* _Exercise_
Your answer must be an exact copy of the listing that follows, with all pictures omitted.
■ ■ ■
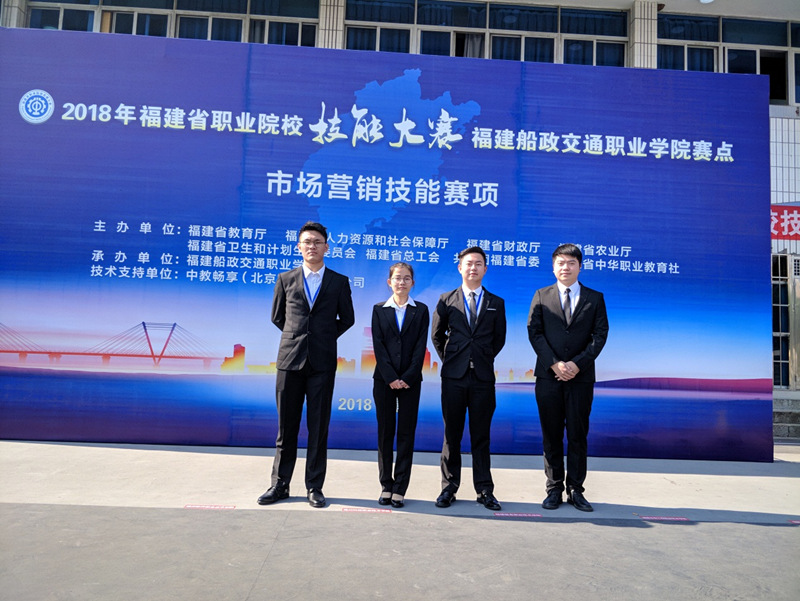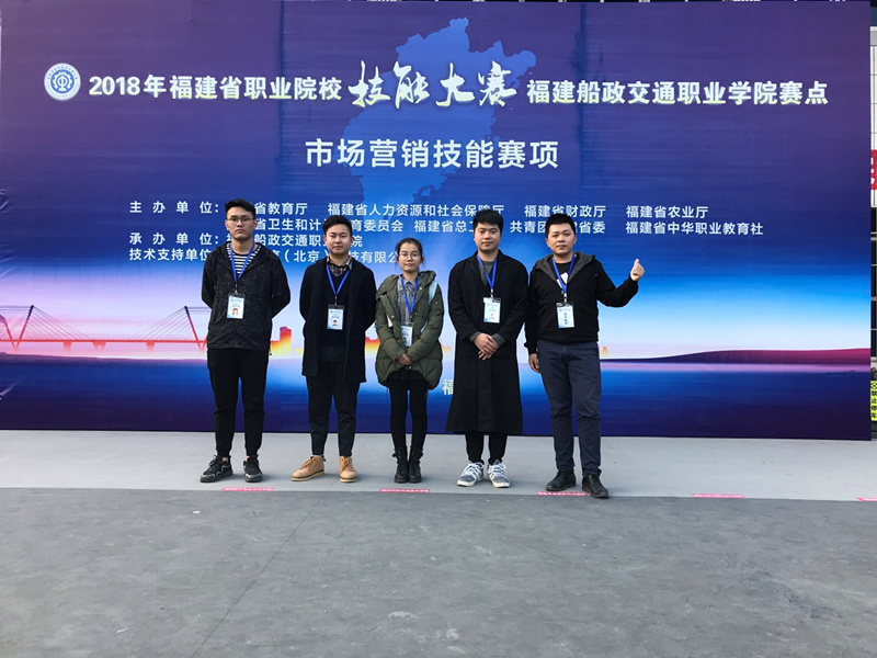 2018年福建省职业院校技能竞赛(高职组)市场营销赛项于2017年12月23-24日在福建船政交通职业学院举行,共有33支代表队参加本次比赛。由我校潘方华老师、雷丽娜老师指导,王彦昀、吴开鑫、谢玄龙、徐榕皓4位同学组成的代表队荣获该赛项第五名、二等奖的好成绩。
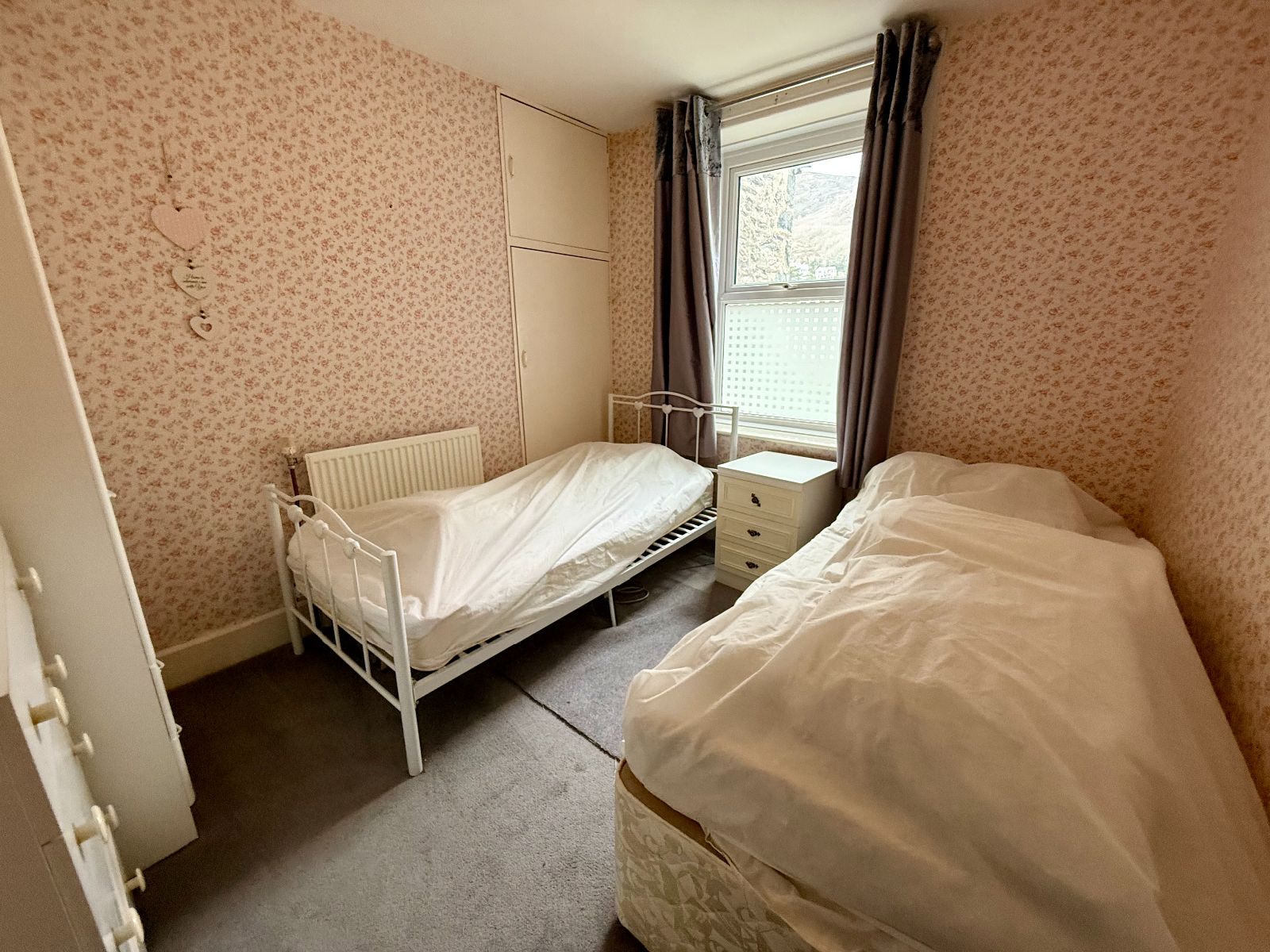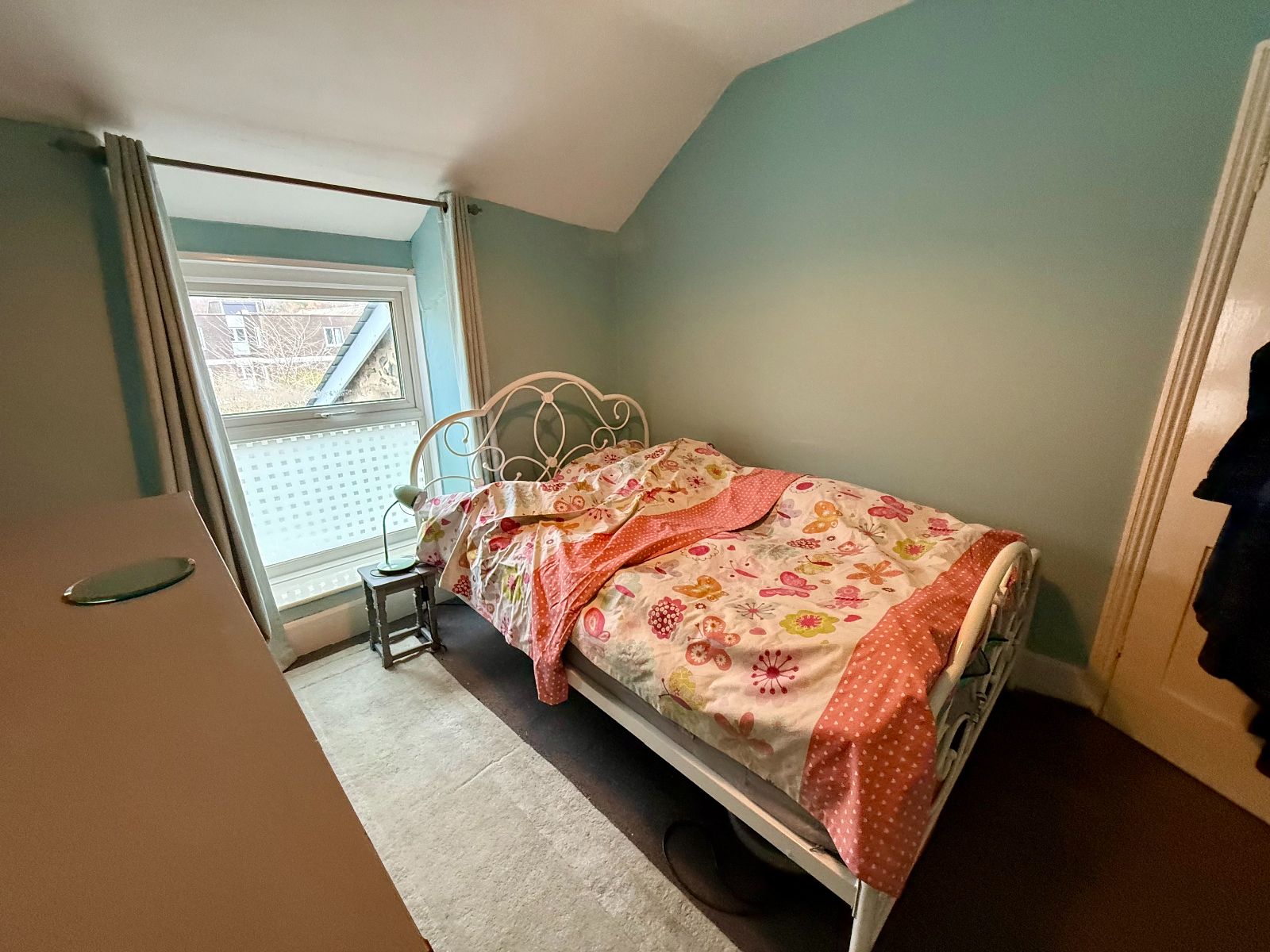 Window to rear with mountain views, built-in wardrobe, radiator, carpet.
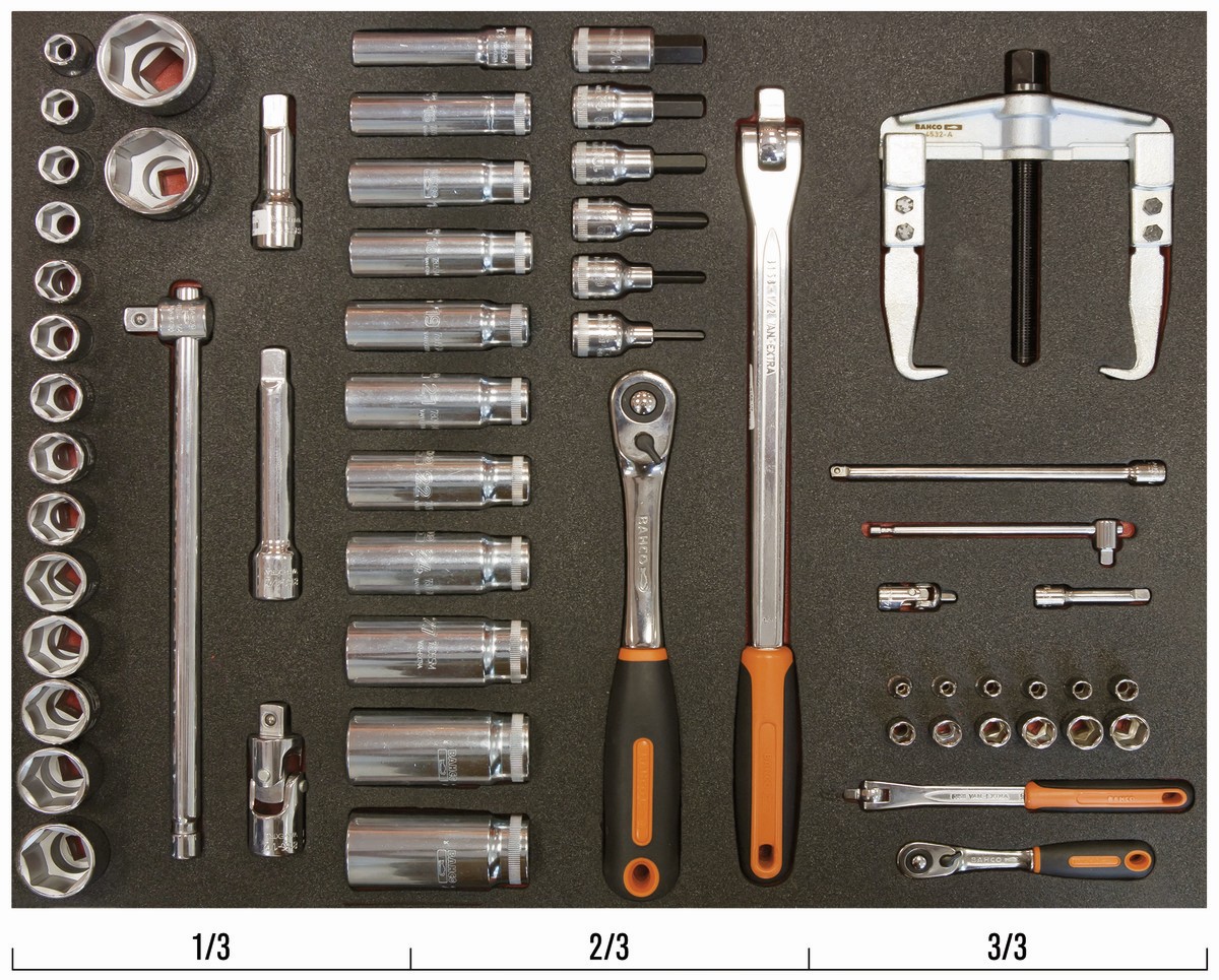 Juego de extractor, carraca de cabeza redonda y vasos en bandeja de foam 3/3 Fit&Go, 58 piezas | FF1A22 de BAHCO
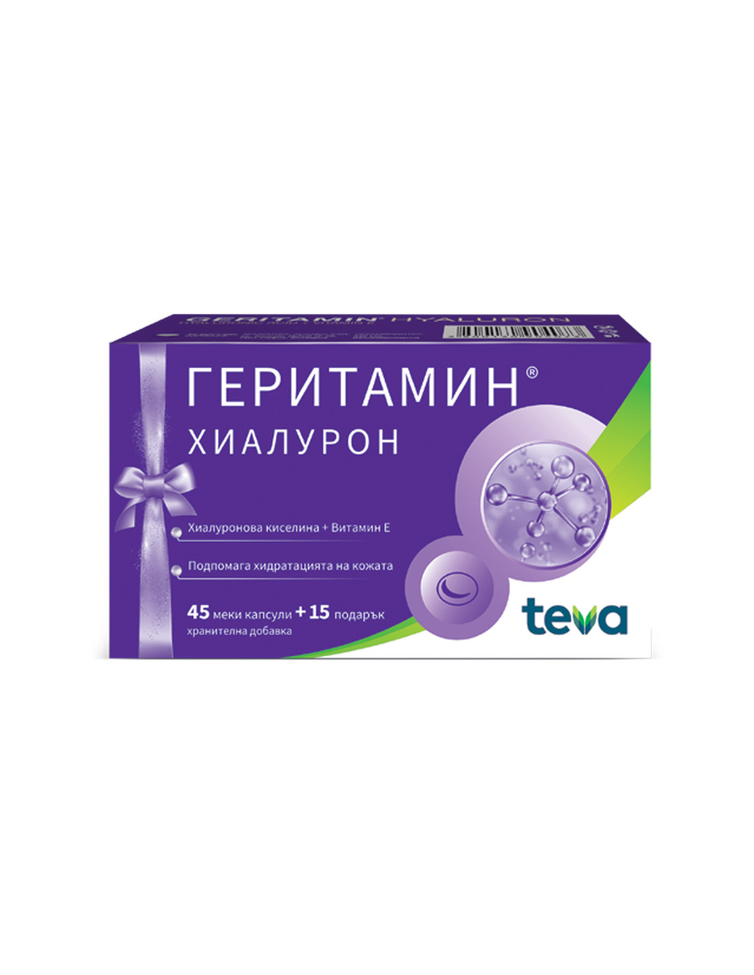 Геритамин Хиалурон е хранителна добавка, създадена за поддържане на оптимална хидратация и еластичност на кожата отвътре. Хиалуроновата киселина с ниско молекулно тегло се усвоява ефективно и подпомага задържането на влага в кожните слоеве. Витамин Е допълва формулата със своето антиоксидантно действие и подкрепя клетъчната защита. Подходящ избор за ежедневна грижа при суха и дехидратирана кожа.
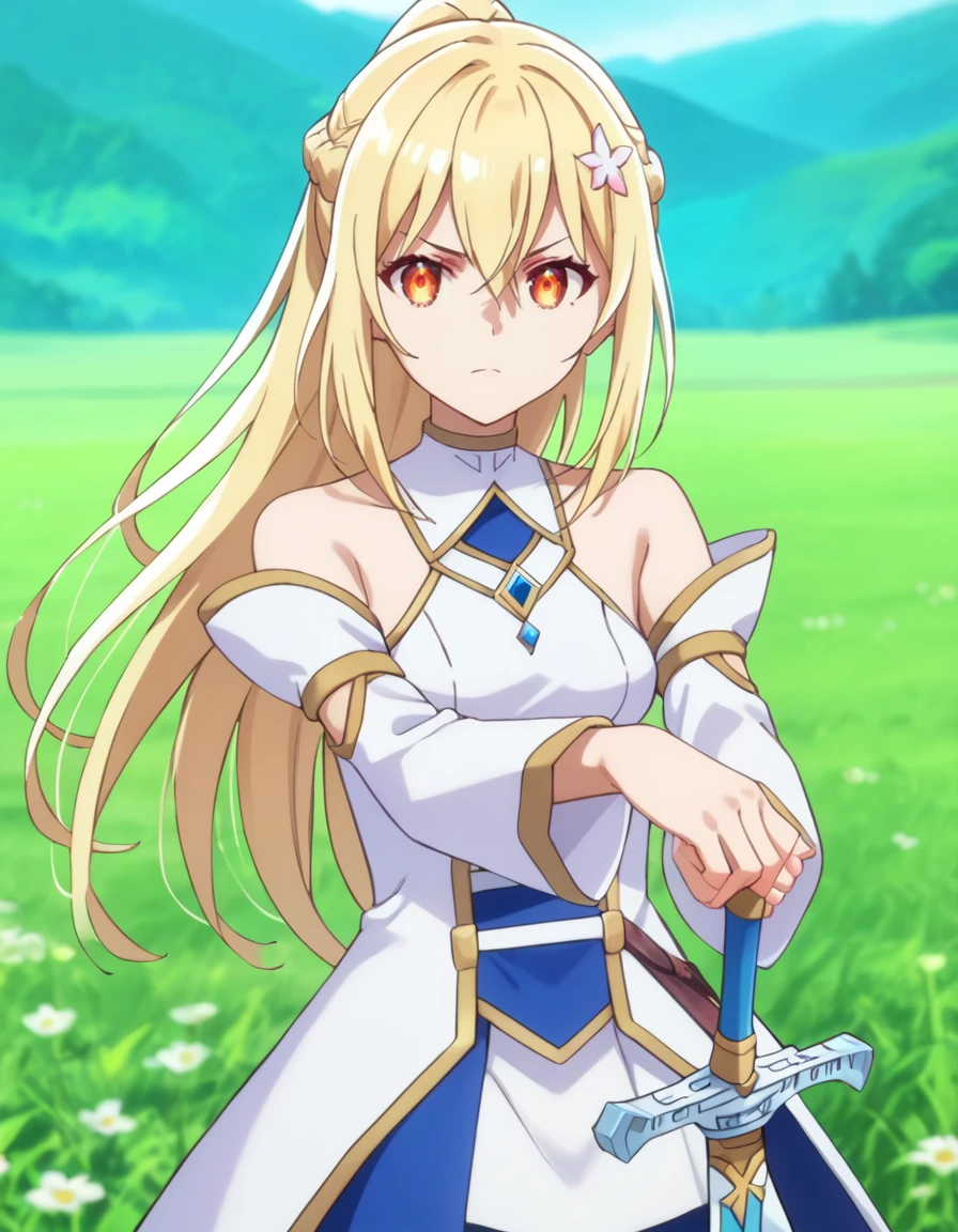 <lora:lena_floria-hazure_skill_kinomi_master_s1_v3-anime-soralz:1>, lena floria (hazure skill kinomi master), long hair, blonde hair, braid, ponytail, hair flower, sidelocks, hair between eyes, orange eyesOutfit - Default
■ ■ ■
* _Result of this exercise_
 2018年福建省职业院校技能竞赛(高职组)市场营销赛项于2017年12月23-24日在福建船政交通职业学院举行,共有33支代表队参加本次比赛。由我校潘方华老师、雷丽娜老师指导,王彦昀、吴开鑫、谢玄龙、徐榕皓4位同学组成的代表队荣获该赛项第五名、二等奖的好成绩。
 Window to rear with mountain views, built-in wardrobe, radiator, carpet.
 Juego de extractor, carraca de cabeza redonda y vasos en bandeja de foam 3/3 Fit&Go, 58 piezas | FF1A22 de BAHCO
 Геритамин Хиалурон е хранителна добавка, създадена за поддържане на оптимална хидратация и еластичност на кожата отвътре. Хиалуроновата киселина с ниско молекулно тегло се усвоява ефективно и подпомага задържането на влага в кожните слоеве. Витамин Е допълва формулата със своето антиоксидантно действие и подкрепя клетъчната защита. Подходящ избор за ежедневна грижа при суха и дехидратирана кожа.
 <lora:lena_floria-hazure_skill_kinomi_master_s1_v3-anime-soralz:1>, lena floria (hazure skill kinomi master), long hair, blonde hair, braid, ponytail, hair flower, sidelocks, hair between eyes, orange eyesOutfit - Default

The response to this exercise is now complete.